**WHAT TO DO:** Print the records below exactly, from the line containing "附件:云南玉溪玉昆鋼鐵集團(tuán)有" down to the line containing "随后,淮安工业园区实验学校胡", both lines included, and omit every picture.

**INFORMATION:**
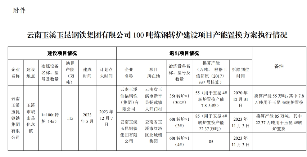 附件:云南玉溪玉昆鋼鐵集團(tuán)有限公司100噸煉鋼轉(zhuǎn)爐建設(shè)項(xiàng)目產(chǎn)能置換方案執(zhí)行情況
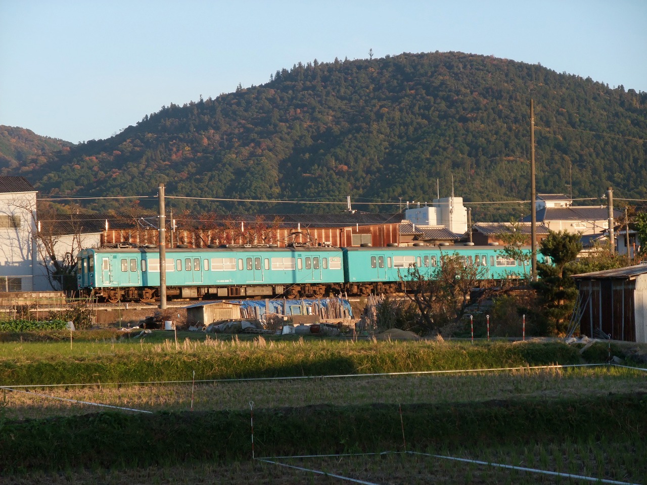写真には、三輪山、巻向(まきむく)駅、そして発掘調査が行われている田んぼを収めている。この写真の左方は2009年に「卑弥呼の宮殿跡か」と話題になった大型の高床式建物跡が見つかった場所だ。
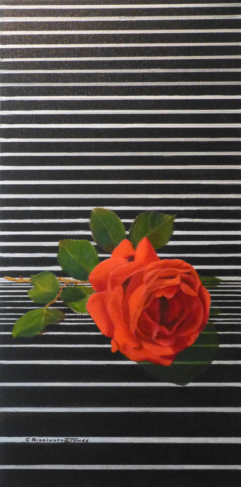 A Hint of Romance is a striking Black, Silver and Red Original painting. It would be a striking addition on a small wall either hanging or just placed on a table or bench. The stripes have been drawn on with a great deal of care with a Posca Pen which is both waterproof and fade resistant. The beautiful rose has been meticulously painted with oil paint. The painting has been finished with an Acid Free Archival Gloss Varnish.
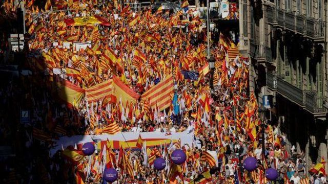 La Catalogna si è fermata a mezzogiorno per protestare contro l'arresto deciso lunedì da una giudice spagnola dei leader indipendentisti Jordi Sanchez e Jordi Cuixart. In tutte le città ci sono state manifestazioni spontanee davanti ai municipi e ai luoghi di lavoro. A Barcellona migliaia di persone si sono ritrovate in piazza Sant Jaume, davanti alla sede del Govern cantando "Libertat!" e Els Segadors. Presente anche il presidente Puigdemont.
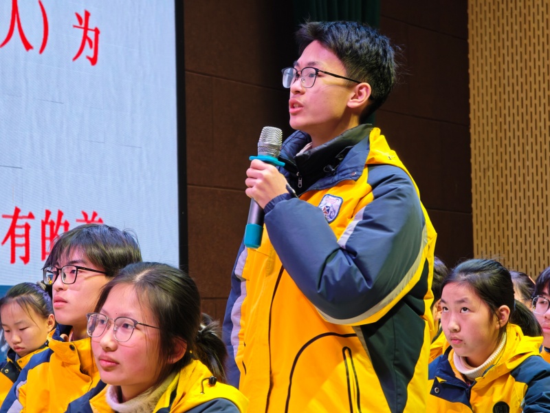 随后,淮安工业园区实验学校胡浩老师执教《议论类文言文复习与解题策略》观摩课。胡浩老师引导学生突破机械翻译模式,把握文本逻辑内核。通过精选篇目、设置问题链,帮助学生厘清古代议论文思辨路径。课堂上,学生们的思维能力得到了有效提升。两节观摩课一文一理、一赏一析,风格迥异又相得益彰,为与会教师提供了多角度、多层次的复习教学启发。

---

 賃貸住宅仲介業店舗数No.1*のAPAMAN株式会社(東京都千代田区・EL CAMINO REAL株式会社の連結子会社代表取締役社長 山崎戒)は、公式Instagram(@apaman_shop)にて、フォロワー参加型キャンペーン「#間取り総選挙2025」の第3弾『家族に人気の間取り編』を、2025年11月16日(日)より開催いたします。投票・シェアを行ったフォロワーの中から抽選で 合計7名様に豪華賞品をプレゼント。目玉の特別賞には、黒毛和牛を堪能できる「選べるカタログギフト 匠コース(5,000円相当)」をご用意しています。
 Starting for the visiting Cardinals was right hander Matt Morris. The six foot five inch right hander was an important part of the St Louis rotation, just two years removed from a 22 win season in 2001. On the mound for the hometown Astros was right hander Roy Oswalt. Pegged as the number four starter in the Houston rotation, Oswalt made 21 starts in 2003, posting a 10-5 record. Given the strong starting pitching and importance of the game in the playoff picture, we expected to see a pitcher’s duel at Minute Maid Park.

---

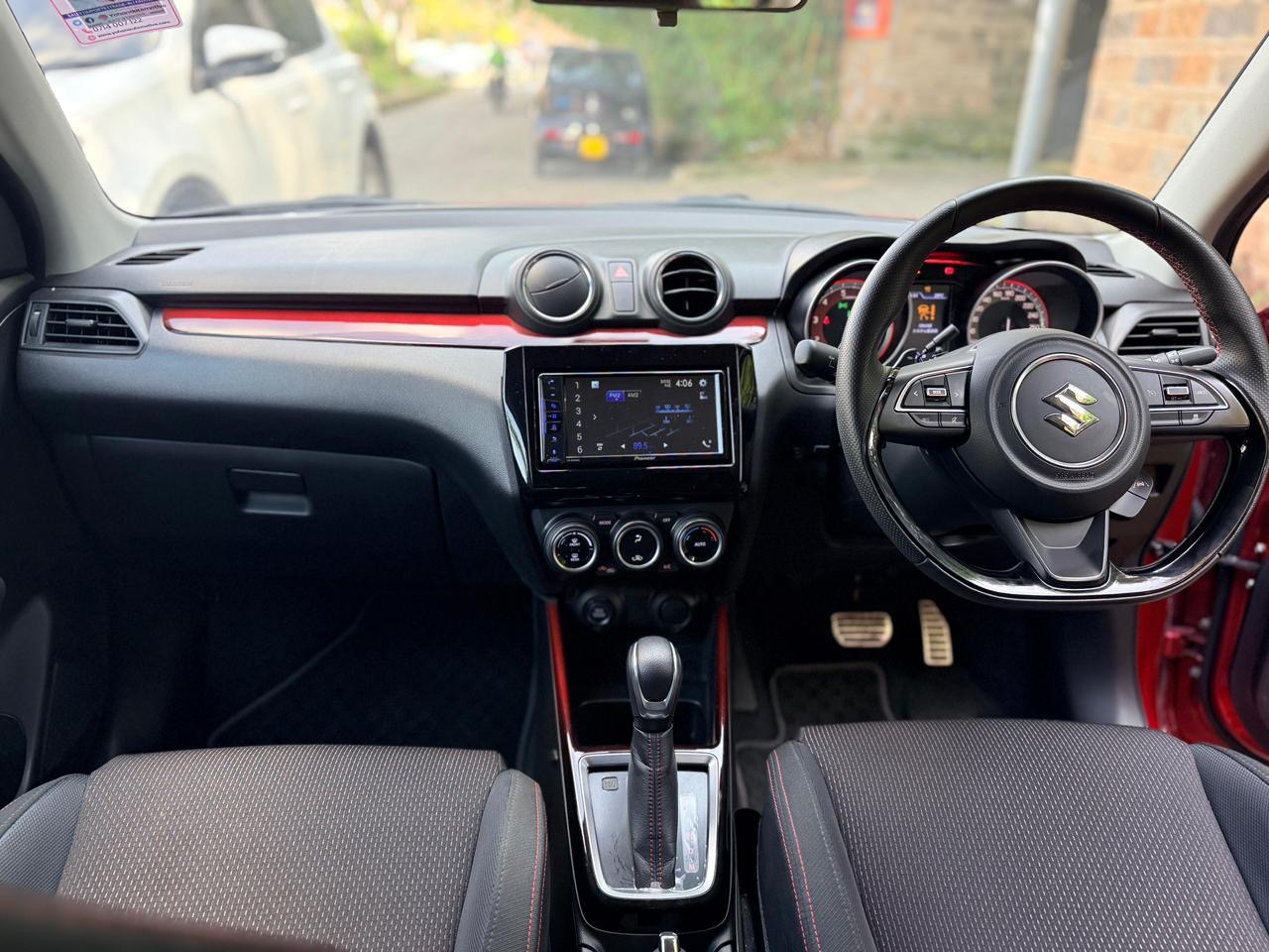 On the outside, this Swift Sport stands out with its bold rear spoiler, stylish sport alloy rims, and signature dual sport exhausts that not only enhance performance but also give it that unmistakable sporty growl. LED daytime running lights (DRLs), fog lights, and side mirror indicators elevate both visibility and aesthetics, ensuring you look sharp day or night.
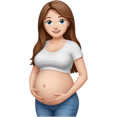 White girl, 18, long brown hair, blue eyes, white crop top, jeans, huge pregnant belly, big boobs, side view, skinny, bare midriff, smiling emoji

**SOLVED EXERCISE:**
 附件:云南玉溪玉昆鋼鐵集團(tuán)有限公司100噸煉鋼轉(zhuǎn)爐建設(shè)項(xiàng)目產(chǎn)能置換方案執(zhí)行情況
写真には、三輪山、巻向(まきむく)駅、そして発掘調査が行われている田んぼを収めている。この写真の左方は2009年に「卑弥呼の宮殿跡か」と話題になった大型の高床式建物跡が見つかった場所だ。
 A Hint of Romance is a striking Black, Silver and Red Original painting. It would be a striking addition on a small wall either hanging or just placed on a table or bench. The stripes have been drawn on with a great deal of care with a Posca Pen which is both waterproof and fade resistant. The beautiful rose has been meticulously painted with oil paint. The painting has been finished with an Acid Free Archival Gloss Varnish.
 La Catalogna si è fermata a mezzogiorno per protestare contro l'arresto deciso lunedì da una giudice spagnola dei leader indipendentisti Jordi Sanchez e Jordi Cuixart. In tutte le città ci sono state manifestazioni spontanee davanti ai municipi e ai luoghi di lavoro. A Barcellona migliaia di persone si sono ritrovate in piazza Sant Jaume, davanti alla sede del Govern cantando "Libertat!" e Els Segadors. Presente anche il presidente Puigdemont.
 随后,淮安工业园区实验学校胡浩老师执教《议论类文言文复习与解题策略》观摩课。胡浩老师引导学生突破机械翻译模式,把握文本逻辑内核。通过精选篇目、设置问题链,帮助学生厘清古代议论文思辨路径。课堂上,学生们的思维能力得到了有效提升。两节观摩课一文一理、一赏一析,风格迥异又相得益彰,为与会教师提供了多角度、多层次的复习教学启发。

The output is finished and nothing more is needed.